Ashcroft recently met with the Congressional Black Caucus. He told the Black lawmakers that he wouldn't oppose any African American Bush chose to appoint to the Supreme Court or federal district courts and that he hopes the Congress would pass legislation to address the problem of racial profiling by the police. If Congress fails to act, he would draft his own recommendations because he does "believe that racial profiling is unconstitutional deprivation of equal protection under our Constitution."

Ashcroft was not a repentant racist when he spoke to Black lawmakers, he was just complying with Bush's concept of a "compassionate conservative." The limit of that "compassion" was revealed when Rep. Charles Rangel of New York asked him to reopen the Justice Department investigation into the death of Amadou Diallo, who was shot and killed by New York City policemen as he was preparing to enter his own apartment. According to the Black lawmakers, Ashcroft told them that he was not inclined to reopen the case because he "didn't want to go back and try to second-guess the former Attorney General."

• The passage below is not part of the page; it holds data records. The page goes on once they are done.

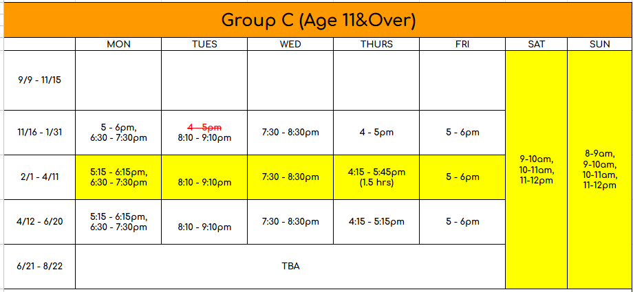 Practice reservations (Feb-April) will be available on or after Jan 16th 2026
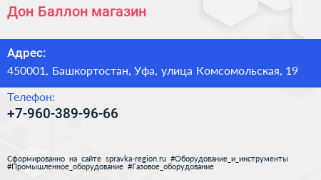 Дон Баллон, магазин по адресу 450001, Башкортостан, Уфа, улица Комсомольская, 19 в дальнейшем Организация, размещена в следующих категориях:
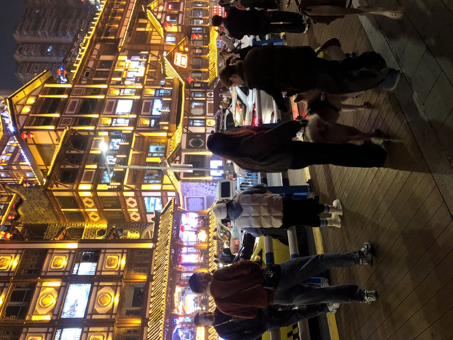 This image captures a nighttime urban scene in 江北城街道, China. The background is dominated by multi-story commercial buildings exhibiting traditional Chinese architectural features, including tiered roofs, dark timber frames, and ornate window patterns. These structures are extensively illuminated with warm yellow and orange lights. Red lanterns are visible on some lower levels. A modern high-rise building is partially visible in the upper right background, behind the traditional architecture. In the foreground and mid-ground, approximately eight individuals are standing on a dark wooden boardwalk. A dark metal barrier separates this boardwalk from a multi-lane road, where several vehicles, including a yellow-accented sedan and other cars, are observed. A bright white streetlamp is positioned in the mid-ground. From left to right in the foreground: - A male figure with a beard wears a dark t-shirt and dark pants. - Next to him, a second male figure, viewed from behind, wears an orange-brown long-sleeved shirt, blue jeans, and light-colored athletic shoes, carrying a small black shoulder bag with a gold chain strap. - Further right, a person (gender indistinct) is seen from the back, wearing a white puffer vest, a white beanie, dark pants, and white boots. - Adjacent, a woman with long dark hair, wearing a dark jacket and dark pants, holds a leash attached to a light brown, medium-sized dog wearing a harness. - A fifth individual in a dark jacket and dark pants, wearing blue and white athletic shoes, is positioned near the woman and dog. - Additional indistinct human figures are visible on the boardwalk and near the road further in the background. - A large brown bag or backpack is partially visible on the far right edge of the frame. The individuals are primarily stationary, observing the illuminated environment, with one person tending to the leashed dog.
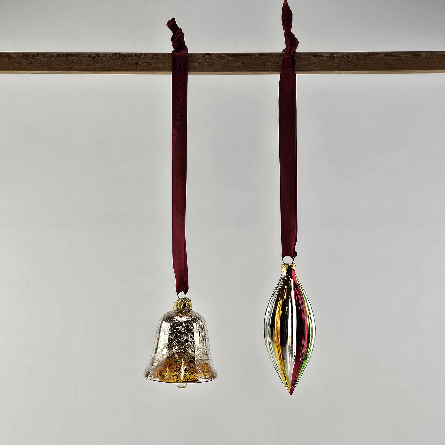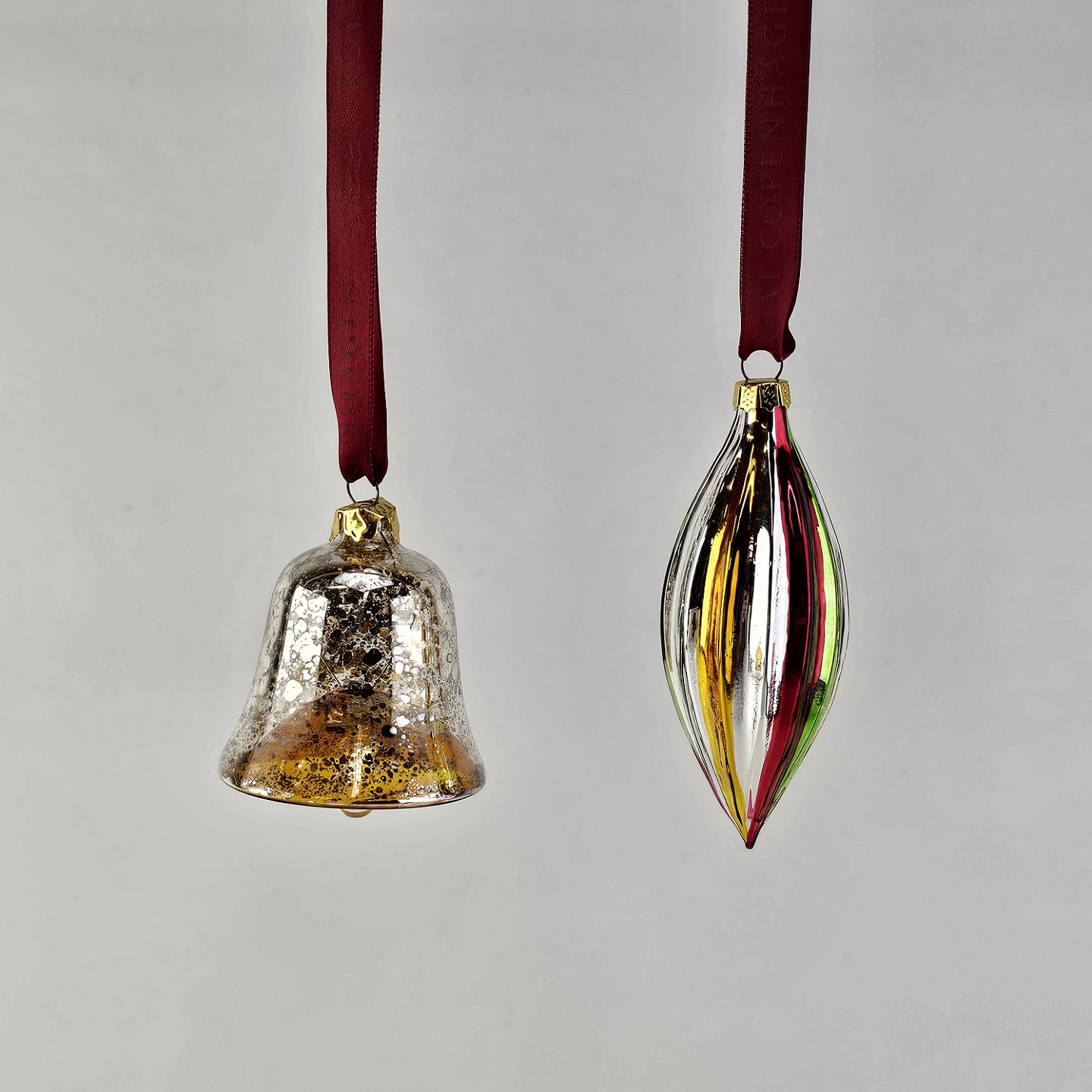 Juleornamenter i glas med motiv af en klokke og en aflang julekugle med rødt bånd til ophængI original kasse

Ashcroft expressed an historical inconsistency in American politics, which projects the ideal of American equality and justice for all regardless of race or class, yet is incapable of concretizing it in political and social practices because of the underlying racist character of American civilization. More than 200 years ago Thomas Jefferson was bothered by that same inconsistency when he wrote that slavery "would divide us into parties, and produce convulsions, which will probably never end but in the extermination of one or the other race."

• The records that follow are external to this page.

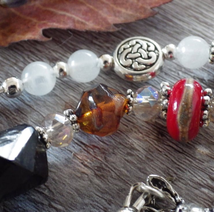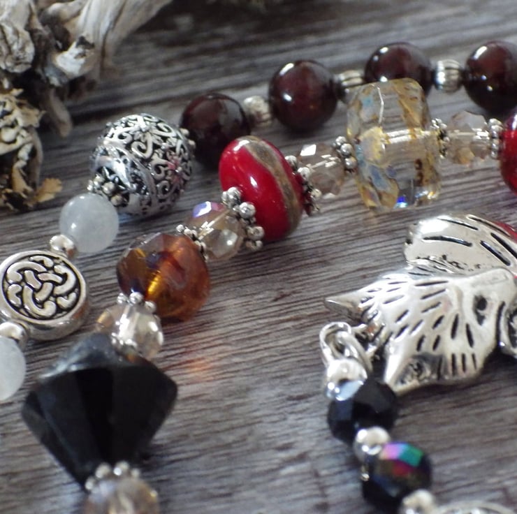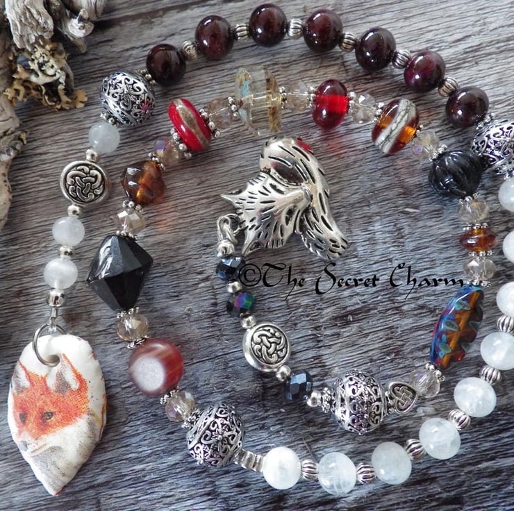 These pagan prayer beads are 22" (55cm) long and have been handmade with rainbow moonstones, garnet gemstones, Czech crystals, artisan lampwork and antiqued silver filigree with the Celtic fox in mind.
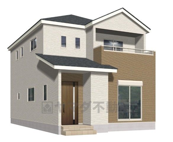 (1号棟)完成予想図。10年間の瑕疵保証が付いた安心の新築戸建。最新の設備で気持ちの良い新生活を送りませんか。
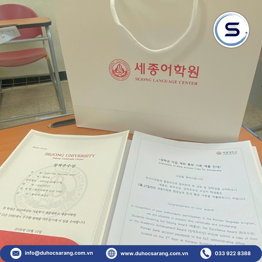 Nếu bạn đang ấp ủ giấc mơ du học Hàn Quốc, hãy bắt đầu với một nền tảng vững chắc. Sarang sẽ đồng hành cùng bạn trên hành trình chinh phục những bằng khen thành tích học tập trong tương lai.
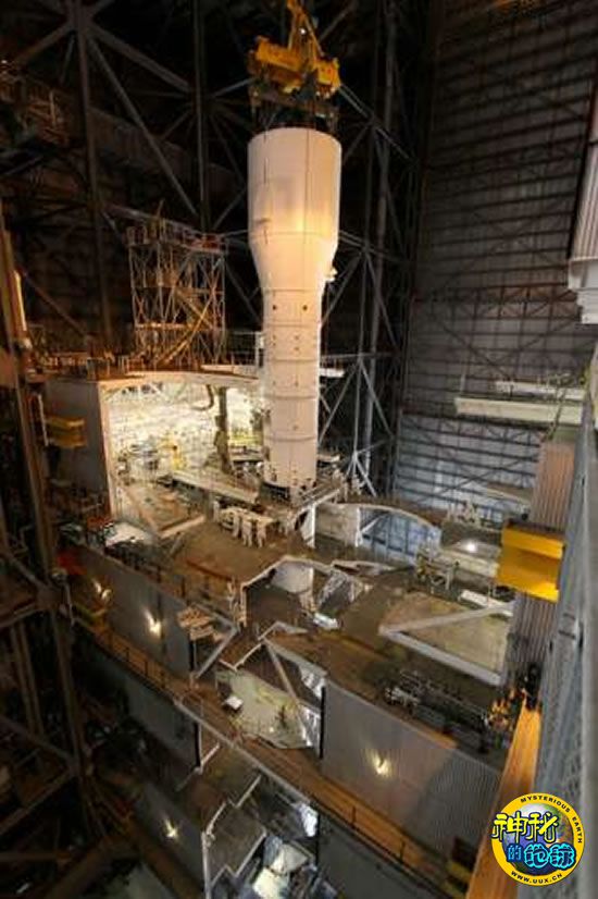 美国宇航局首枚“战神I-X”火箭目前在肯尼迪航天中心已经组装过半。
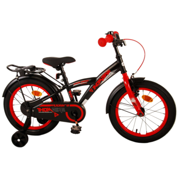 De Volare Thombike 16 inch kinderfiets is de perfecte combinatie van stijl en veiligheid. Met zijn zwarte frame en rode accenten ziet hij er stoer uit, en dankzij de handrem, terugtraprem en gesloten kettingkast is je kind altijd goed beschermd.
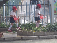 お花も園児も喜んで 私たちがしっかり世話をします。
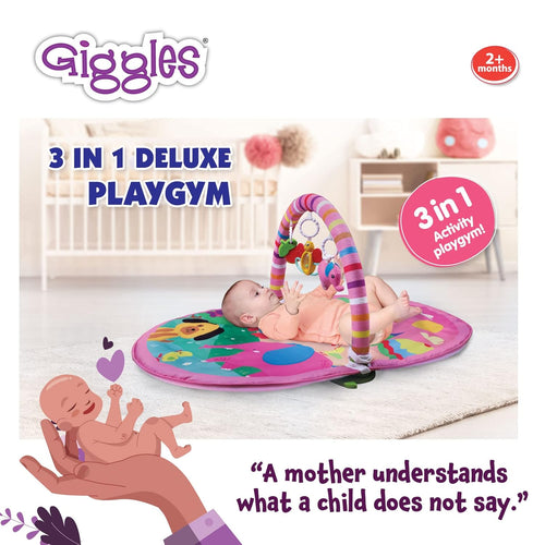Funskool Giggles - Deluxe Play Gym, Pink Colour Activity Playgym, 3 in 1 Modes of Play, with Arch and 3 Toys, Easy to Clean and wash, for 2 Month + Upto 6 Months.

Jefferson was absolutely right that the issue of slavery would divide this country and produce convulsions. However, he was totally wrong about the "extermination of one or the other race." He had no concept that the idea of freedom, embodied in the rebellious slave, could be a pole of attraction across race lines. He didn't live to see this happen, but he would have recognized it in the birth of the Abolitionist Movement, having its origin in runaway slaves. It sounded the death knell of his slave-based society.

I recall this not for history's sake, but to remember that the original foundation of American civilization was built on African-American slave labor and not the Jeffersonian idealism that "all men are created equal." For several centuries African Americans have organized and revolted against the legacy of that contradiction and its perversion of the notion of freedom. Martin Luther King Jr. thought that the Civil Rights Movement would uproot that legacy. In his famous "Letter From Birmingham Jail" he wrote "we will reach the goal of freedom because the goal of America is freedom."

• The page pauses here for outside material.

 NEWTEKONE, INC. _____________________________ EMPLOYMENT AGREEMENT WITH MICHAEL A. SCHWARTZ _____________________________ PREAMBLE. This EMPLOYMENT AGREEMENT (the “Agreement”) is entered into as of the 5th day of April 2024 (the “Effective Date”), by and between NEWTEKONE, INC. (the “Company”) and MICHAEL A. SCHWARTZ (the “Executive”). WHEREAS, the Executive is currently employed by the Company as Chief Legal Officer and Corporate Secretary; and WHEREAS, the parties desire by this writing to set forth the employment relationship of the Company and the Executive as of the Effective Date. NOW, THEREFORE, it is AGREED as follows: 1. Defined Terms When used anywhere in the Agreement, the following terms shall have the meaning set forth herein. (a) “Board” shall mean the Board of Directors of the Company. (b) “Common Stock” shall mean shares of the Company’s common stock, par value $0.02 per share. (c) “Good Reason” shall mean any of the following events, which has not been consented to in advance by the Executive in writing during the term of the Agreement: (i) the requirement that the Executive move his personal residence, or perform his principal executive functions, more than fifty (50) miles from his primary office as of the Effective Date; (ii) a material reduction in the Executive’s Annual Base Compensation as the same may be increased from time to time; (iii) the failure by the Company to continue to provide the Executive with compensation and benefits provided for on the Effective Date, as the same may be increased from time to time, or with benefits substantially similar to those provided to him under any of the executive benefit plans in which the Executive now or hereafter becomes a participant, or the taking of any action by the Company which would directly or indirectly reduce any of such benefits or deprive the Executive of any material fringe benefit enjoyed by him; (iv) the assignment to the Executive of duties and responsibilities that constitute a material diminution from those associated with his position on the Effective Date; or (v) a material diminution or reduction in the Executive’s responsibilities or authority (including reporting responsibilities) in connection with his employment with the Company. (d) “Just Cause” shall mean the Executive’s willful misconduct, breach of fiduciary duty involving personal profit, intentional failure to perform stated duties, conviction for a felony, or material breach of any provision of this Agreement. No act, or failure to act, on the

Political freedom for African Americans is still in a racially divided society with extreme inequities. This is the very substance upon which American politi cs feeds. Both the Democratic and Republican parties have played the race card by manipulating the fear and tension between races. At the same time Bush's African-American cabinet appointees are mere window dressing to hide the actual policies he wants to implement.

Ashcroft's ideological battle is also on the terrain of history. He thinks that the Confederacy should not be criticized, that Robert E. Lee and Jefferson Davis should not be denigrated because they stood up for a principle, states' rights. But the right of states to supersede federal laws has consistently been a threat to the civil rights of African Americans. The Civil War was initiated by the Southern states to uphold their "right" to impose slavery, and during the Civil Rights Movement African Americans have depended on federal laws to enforce their rights.

In spite of all of the reaction we are facing today, a new form of struggle will emerge fighting for freedom. As it always has that struggle will likely have a Black dimension out in front. Our challenge is to be prepared to meet this movement by articulating now the way its irrepressible idea of freedom is such a universal pole of attraction.